Memajang foto para auliya’ dengan keyakinan membawa rezeki atau karomah tidak memiliki dasar syar‘i, bahkan berpotensi menjerumuskan kepada syirik kecil bila diyakini memberi pengaruh gaib.
Islam mengajarkan untuk menghormati wali dengan meneladani iman dan amalnya, bukan mengultuskan gambarnya.

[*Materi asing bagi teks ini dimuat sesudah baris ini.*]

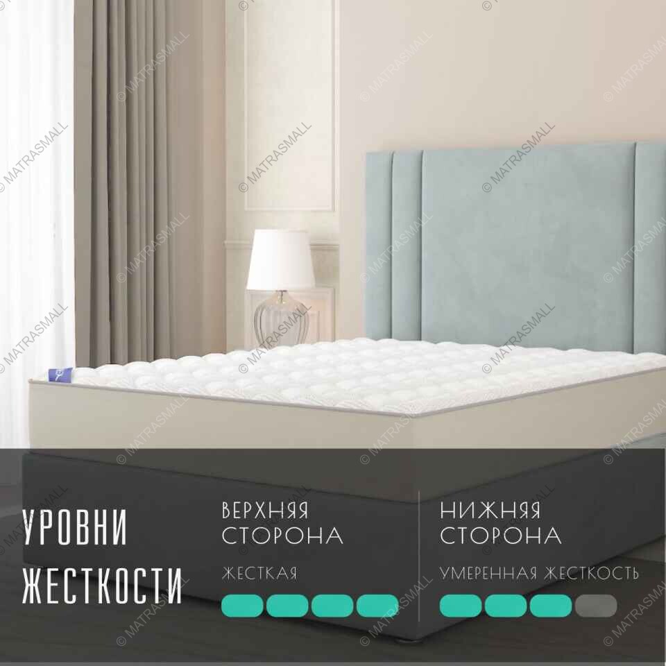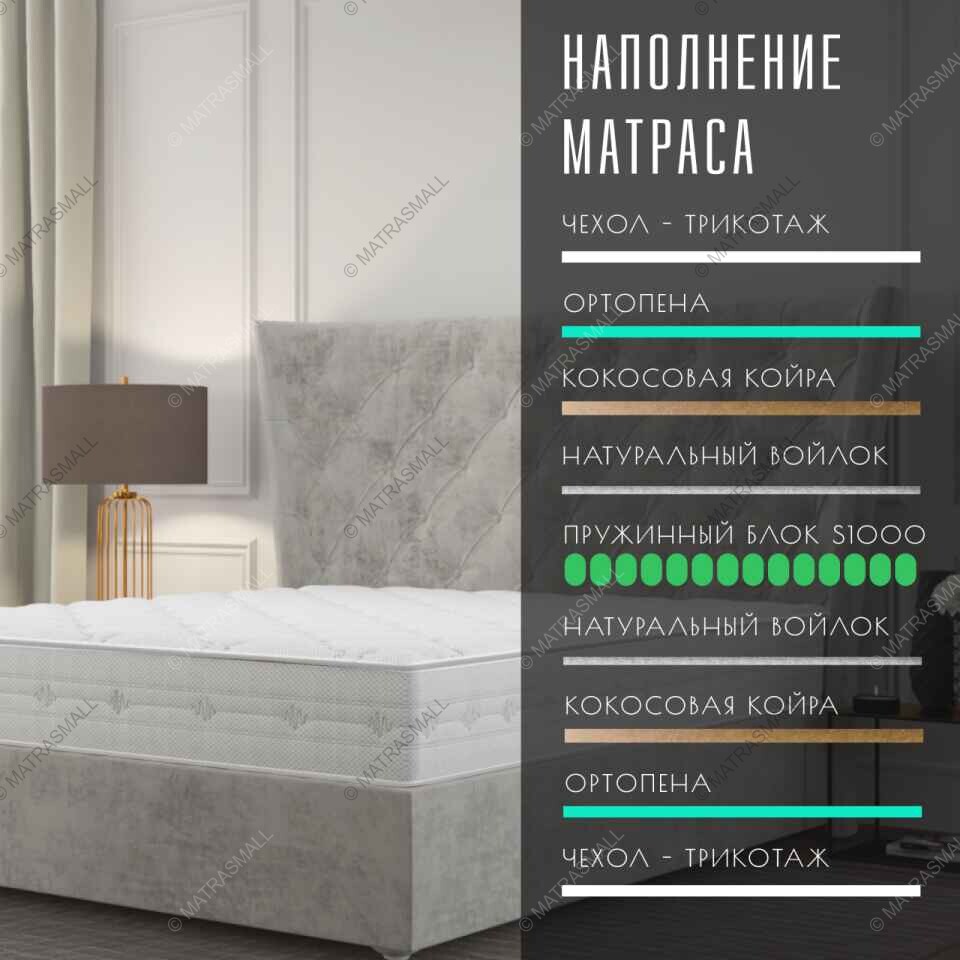 В основе матраса лежит независимый пружинный блок S1000. Данный пружинный блок долговечен и прочен за счет большого количества пружин на спальное место - около 1250 пружин. Пружины работают автономно, поддерживают все тело и позвоночник в анатомически правильном положении.

🔹 Keberkahan datang dari Allah, bukan dari gambar, benda, atau makhluk.
🔹 Tauhid adalah fondasi yang harus dijaga agar tidak terkontaminasi oleh khurafat dan bid‘ah.


Kutipan Penutup

قال رسول الله ﷺ:
احْفَظِ اللَّهَ يَحْفَظْكَ
“Jagalah Allah (yakni perintah dan larangan-Nya), niscaya Allah akan menjagamu.”
(HR. Tirmidzi, no. 2516)

➡️ Makna: Perlindungan, karomah, dan rezeki sejati hanya datang dari Allah, bukan dari simbol atau foto siapa pun.